Troll 2 is a 1990 Italian-American independent dark fantasy horror film written and directed by Claudio Fragasso (under the pseudonym Drake Floyd), and stars Michael Stephenson, George Hardy, Connie McFarland and Jason Wright.

Although produced under the original title Goblins, American distributors marketed it as a sequel to the 1986 horror film Troll; however, the two have no connection, and this film features no trolls but goblins instead. The plot follows young Joshua Waits as he tries to save his family after being warned by the spirit of his deceased grandfather that the town of Nilbog, which the family are spending their vacation at, is actually inhabited by goblins who turn people into plant matter so they can eat them.

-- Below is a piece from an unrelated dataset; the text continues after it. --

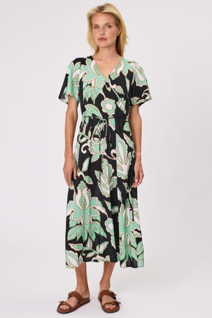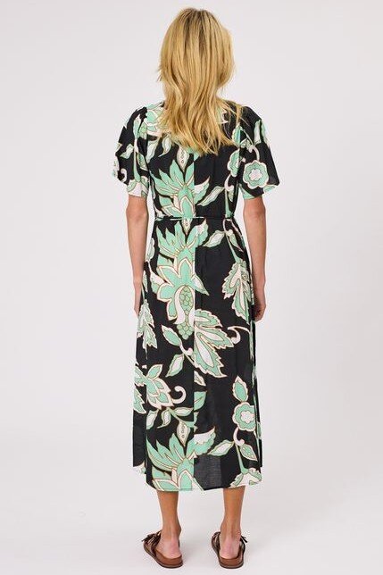 This all over Serene Print Midi Dress is made of cotton viscose. V neck opening and set in armhole with circular cut sleeves. Invisible zipper opening at left side seam. It has a separate self fabric rouleaux belt with metal ends that can be wear with or without.

The film was produced by Filmirage and the development was rife with difficulties, largely due to the language barrier between the Italian-speaking crew and English-speaking cast, and producer Joe D'Amato's approach to low-budget filmmaking. It was released on October 12, 1990, by Epic Productions and was considered by some as one of the worst movies ever made. In subsequent years, the film gained a cult following and garnered a large fanbase. Though it was generally viewed as poorly made horror, the filmmakers stated that it was "always intended to be a comic film". In 2009, child star Stephenson directed a critically acclaimed documentary about its production and subsequent popularity, humorously titled Best Worst Movie.

Plot

Michael Waits has always dreamed of being a farmer and arranges a home exchange vacation in which he and his family will move into a house in the rural farming community of Nilbog ("goblin" spelled backwards) for a month. The night before the family is scheduled to leave, Michael's son Joshua is contacted by the ghost of his dead grandfather, Seth, warning him that vegetarian goblins want to transform him and his family into plants so that they can eat them. Seth tells Joshua that goblins can transform people into plants by feeding them poisoned food or drink.

Meanwhile, Joshua's sister, Holly, receives a visit from her boyfriend Elliot Cooper. Holly accuses Elliot of being a homosexual since he seems to prefer spending time with his male friends. Elliot promises to show his devotion by accompanying the family on vacation.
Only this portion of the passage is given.